In their investigations, the researchers excited cyanobacterial samples with optical light and then probed them with ultrafast X-ray pulses from LCLS and SACLA to examine this center. The information made the cluster’s atomic structure and its chemical surroundings clear.
A homerun
The transitory state, or S4, where two oxygen atoms link and an oxygen molecule is released, was observed by scientists using this method for the first time. The information demonstrated that this reaction includes previously unseen extra steps.
“Other experts argued that this is something that could never be captured,” said co-author Uwe Bergmann, a scientist and professor at the University of Wisconsin-Madison. “It’s really going to change the way we think about Photosystem II. Although we can’t say we have a unique mechanism based on the data yet, we can exclude some models and ideas people have proposed over the last few decades. It’s the closest anyone has ever come to capturing this final step and showing how this process works with actual structural data.”
The team has conducted a number of studies over the previous ten years; the new study is the most recent. In earlier studies, the photosynthetic cycle’s distinct stages were observed at the temperature at which it naturally takes place.

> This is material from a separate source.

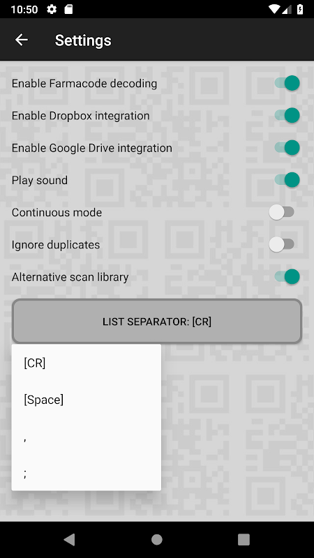 Tik op "DOE IETS MET GESCANDEERDE BARCODES" om te selecteren wat u wilt doen met de gescande codes.

“Most of the process that produces breathable oxygen happens in this last step,” said co-author Vittal Yachandra, a scientist at Berkeley Lab. “But there are several things happening at different parts of photosystem II and they all have to come together in the end for the reaction to succeed. Just like how in baseball, factors like the location of the ball and the position of the basemen and fielders affect the moves a player takes to get to home base, the protein environment around the catalytic center influences how this reaction plays out.”
Brighter X-rays for a brighter future
The scientists intend to carry out tests that will take many more pictures of the process in light of these findings.
“There are still things happening in between that we could not catch yet,” Kern said. “There are more snapshots we really want to take which would bridge the remaining gaps and tell the whole story.”
To do so, they need to push the quality of their data even further. These measurements have historically been difficult since the samples’ X-ray signals are weak and the X-ray pulse rates produced by current X-ray lasers like LCLS and SACLA are insufficient.
“It took quite some effort to optimize the setup, so we couldn’t collect all the data we needed for this one publication in a single experiment,” said co-author and SLAC scientist Roberto Alonso-Mori. “These results actually include data taken over six years.”
The repetition rate will increase dramatically from 120 pulses per second to as much as a million pulses per second when an LCLS upgrade, known as LCLS-II, goes online later this year.
“With these upgrades, we will be able to collect several days’ worth of data in just a few hours,” Bergmann said. “We will also be able to use soft X-rays to further understand the chemical changes happening in the system. These new capabilities will continue to drive this research forward and shed new light on photosynthesis.”